28 June 2026, 18:30

RWE baut riesige Solarparks auf ehemaligem Tagebau Garzweiler bis Jahresende

RWE errichtet Photovoltaik-Anlagen mit 86,5 Megawatt entlang der Autobahn durch die Rheinregion

RWE baut riesige Solarparks auf ehemaligem Tagebau Garzweiler bis Jahresende

RWE plant Bau mehrerer neuer Solarparks im rheinischen Braunkohlerevier

Der Energiekonzern RWE hat Pläne für den Bau mehrerer Solarparks im rheinischen Braunkohlerevier bekannt gegeben. Die Anlagen sollen eine kombinierte Leistung von 86,5 Megawatt erzielen und sind Teil der umfassenderen Strategie des Unternehmens, den Ausbau erneuerbarer Energien in der Region voranzutreiben.

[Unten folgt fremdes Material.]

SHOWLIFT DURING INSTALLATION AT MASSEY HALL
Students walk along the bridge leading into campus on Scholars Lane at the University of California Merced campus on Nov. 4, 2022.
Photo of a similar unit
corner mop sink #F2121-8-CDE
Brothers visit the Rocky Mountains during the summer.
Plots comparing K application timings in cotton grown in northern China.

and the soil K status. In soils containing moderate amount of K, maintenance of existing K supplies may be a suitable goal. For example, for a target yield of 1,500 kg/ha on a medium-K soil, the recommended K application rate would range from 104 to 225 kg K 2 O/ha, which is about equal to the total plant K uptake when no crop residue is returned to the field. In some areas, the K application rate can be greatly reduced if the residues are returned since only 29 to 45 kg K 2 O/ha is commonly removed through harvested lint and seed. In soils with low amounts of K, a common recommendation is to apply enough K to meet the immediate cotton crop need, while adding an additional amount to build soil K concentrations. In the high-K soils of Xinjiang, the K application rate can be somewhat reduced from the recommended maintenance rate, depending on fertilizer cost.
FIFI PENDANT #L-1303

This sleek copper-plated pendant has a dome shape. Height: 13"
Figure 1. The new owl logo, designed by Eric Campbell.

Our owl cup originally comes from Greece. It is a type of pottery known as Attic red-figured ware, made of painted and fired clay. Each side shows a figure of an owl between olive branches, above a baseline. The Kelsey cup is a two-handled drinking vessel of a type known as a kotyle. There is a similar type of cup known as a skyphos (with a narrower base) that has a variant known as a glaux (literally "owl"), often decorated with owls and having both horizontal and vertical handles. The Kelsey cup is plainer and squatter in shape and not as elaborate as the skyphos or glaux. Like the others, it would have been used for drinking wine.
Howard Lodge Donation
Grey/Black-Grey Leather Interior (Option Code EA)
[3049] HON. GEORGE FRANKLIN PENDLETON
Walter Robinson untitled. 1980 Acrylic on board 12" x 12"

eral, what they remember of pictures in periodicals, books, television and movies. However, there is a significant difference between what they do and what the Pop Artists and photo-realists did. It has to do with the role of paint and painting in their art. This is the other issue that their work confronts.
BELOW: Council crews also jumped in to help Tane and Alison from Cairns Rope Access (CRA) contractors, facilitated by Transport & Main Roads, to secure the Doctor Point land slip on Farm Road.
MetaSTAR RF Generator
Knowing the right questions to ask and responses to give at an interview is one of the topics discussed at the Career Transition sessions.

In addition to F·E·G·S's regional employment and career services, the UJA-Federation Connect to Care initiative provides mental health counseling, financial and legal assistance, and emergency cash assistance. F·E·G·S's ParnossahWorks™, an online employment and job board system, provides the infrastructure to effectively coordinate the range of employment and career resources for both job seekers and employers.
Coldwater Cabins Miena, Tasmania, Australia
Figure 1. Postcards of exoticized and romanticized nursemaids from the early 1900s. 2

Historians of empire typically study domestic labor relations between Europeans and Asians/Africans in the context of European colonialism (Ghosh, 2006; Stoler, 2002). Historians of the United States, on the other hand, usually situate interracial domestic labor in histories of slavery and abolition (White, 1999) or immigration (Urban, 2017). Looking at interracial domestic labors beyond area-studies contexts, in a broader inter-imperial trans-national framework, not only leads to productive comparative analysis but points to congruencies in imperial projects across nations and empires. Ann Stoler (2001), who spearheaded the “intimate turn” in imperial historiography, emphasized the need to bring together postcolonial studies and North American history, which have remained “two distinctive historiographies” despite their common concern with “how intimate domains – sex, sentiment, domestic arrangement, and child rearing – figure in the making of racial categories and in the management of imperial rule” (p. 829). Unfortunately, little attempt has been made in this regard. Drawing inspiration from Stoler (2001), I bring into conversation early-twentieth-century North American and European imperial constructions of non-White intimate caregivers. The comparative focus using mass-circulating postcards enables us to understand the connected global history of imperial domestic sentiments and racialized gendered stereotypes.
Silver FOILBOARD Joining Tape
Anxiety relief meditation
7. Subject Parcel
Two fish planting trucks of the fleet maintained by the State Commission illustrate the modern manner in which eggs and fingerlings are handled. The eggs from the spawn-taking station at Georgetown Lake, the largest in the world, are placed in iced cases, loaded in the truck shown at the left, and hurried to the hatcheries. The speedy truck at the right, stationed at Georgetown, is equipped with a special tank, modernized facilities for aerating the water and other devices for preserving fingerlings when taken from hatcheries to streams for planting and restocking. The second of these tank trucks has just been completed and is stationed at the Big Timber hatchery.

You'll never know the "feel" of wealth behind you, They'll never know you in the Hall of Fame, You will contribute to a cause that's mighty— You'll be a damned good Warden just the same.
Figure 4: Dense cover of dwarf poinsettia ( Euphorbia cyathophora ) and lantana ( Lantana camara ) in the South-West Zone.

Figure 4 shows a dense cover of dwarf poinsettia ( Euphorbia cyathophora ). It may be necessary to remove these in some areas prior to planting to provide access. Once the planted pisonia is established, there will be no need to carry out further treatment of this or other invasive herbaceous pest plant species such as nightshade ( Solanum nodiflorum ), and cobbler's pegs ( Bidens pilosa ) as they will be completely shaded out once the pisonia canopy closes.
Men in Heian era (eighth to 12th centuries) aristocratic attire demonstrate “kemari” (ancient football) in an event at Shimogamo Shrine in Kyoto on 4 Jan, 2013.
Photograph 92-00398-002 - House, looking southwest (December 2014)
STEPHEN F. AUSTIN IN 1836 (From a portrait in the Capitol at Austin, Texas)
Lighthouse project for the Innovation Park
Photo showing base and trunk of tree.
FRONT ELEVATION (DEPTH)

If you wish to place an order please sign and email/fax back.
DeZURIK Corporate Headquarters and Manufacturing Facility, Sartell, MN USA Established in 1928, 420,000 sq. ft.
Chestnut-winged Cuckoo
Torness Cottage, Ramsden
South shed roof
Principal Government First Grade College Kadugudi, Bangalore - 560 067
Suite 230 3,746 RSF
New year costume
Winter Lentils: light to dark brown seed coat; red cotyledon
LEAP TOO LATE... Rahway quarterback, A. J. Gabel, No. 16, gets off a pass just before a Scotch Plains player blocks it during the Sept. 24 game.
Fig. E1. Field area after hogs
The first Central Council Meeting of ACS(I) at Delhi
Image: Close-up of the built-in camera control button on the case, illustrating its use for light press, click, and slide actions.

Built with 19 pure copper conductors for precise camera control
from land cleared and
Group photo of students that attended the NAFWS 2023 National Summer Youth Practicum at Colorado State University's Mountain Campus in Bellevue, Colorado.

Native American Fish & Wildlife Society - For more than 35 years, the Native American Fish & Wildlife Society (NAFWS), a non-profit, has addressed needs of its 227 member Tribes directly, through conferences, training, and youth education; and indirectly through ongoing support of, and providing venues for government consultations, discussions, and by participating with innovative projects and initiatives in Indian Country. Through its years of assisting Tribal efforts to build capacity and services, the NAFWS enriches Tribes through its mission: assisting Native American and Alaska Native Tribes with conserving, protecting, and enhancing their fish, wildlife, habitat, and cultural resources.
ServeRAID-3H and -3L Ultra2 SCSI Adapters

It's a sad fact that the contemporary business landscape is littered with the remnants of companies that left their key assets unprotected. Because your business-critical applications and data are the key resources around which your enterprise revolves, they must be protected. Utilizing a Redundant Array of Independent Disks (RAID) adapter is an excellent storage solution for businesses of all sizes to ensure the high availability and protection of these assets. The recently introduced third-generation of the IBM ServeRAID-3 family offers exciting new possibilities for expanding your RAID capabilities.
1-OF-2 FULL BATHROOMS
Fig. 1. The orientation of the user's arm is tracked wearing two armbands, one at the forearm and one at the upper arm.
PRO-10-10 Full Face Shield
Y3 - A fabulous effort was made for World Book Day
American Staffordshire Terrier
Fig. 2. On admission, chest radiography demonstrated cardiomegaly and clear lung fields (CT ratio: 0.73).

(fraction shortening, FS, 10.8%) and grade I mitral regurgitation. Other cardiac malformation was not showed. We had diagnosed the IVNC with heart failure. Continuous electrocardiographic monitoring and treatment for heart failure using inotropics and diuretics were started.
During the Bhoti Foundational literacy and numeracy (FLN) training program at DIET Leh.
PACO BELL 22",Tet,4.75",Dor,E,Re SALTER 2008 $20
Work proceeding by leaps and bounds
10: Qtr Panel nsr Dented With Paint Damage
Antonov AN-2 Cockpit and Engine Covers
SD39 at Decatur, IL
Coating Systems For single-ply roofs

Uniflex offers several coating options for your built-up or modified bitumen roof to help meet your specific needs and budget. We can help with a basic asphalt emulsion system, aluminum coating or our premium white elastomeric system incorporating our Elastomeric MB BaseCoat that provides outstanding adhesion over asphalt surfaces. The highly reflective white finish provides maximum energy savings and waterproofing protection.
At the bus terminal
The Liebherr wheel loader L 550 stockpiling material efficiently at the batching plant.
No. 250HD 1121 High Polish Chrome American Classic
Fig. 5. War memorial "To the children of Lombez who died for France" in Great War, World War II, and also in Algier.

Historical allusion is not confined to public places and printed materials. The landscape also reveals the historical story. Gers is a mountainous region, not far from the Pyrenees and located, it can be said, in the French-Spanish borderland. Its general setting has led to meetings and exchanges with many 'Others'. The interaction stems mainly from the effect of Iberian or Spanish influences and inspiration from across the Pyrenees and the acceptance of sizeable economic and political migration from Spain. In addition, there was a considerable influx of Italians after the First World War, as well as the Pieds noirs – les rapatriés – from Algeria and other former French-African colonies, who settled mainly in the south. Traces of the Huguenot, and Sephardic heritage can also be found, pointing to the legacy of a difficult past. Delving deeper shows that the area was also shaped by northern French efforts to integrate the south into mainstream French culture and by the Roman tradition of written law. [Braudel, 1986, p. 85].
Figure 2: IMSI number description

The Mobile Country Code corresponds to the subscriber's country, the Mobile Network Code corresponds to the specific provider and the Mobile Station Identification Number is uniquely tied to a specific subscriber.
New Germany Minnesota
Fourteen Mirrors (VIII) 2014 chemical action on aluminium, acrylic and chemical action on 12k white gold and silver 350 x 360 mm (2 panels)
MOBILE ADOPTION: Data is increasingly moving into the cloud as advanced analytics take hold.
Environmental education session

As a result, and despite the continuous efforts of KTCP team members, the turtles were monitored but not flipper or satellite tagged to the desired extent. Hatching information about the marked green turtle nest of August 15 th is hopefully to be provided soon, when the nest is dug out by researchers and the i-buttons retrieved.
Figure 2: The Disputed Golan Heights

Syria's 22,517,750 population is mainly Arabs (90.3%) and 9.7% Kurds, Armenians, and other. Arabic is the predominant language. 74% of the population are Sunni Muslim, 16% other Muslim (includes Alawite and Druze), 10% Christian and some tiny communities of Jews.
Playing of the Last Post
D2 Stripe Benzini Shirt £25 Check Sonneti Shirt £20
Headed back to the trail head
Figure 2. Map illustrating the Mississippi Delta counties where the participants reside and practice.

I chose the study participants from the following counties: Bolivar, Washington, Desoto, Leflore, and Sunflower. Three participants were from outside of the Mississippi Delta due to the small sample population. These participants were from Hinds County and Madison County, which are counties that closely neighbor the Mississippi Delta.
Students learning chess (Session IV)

Die Solarparks entstehen östlich und westlich der Autobahn A44n zwischen Bedburg und Jüchen. Sie werden auf dem Gelände des ehemaligen Tagebaus Garzweiler errichtet, wie Lars Kulik, Vorstandsmitglied von RWE Power, mitteilte. Die Anlagen nutzen rekultivierte Flächen und können an die bestehende Netzinfrastruktur des Tagebaus angebunden werden.

Katja Wünschel, CEO von RWE Renewables Europe & Australien, betonte, dass Projekte in Autobahnnähe oft von beschleunigten Genehmigungsverfahren und größerer öffentlicher Akzeptanz profitieren. RWE betreibt in der Region bereits sieben Solarparks, von denen vier über Batteriespeicher verfügen. Zudem hat das Unternehmen an einer lokalen Demonstrationsanlage Agri-Photovoltaik getestet.

Die Bauarbeiten sollen in Kürze beginnen, mit dem Ziel, die neuen Solarparks noch bis Jahresende ans Netz zu bringen. Die Projekte tragen zu RWEs Ziel bei, in der Region mindestens 500 Megawatt zusätzliche Solar- und Windkapazitäten zu erschließen.

Die neuen Solarparks werden das regionale Stromnetz um 86,5 Megawatt verstärken. Durch die Nutzung bestehender Infrastruktur und rekultivierter Flächen sollen Effizienzgewinne erzielt werden. Die Vorhaben unterstreichen das Engagement von RWE für den weiteren Ausbau erneuerbarer Energien im Rheinland.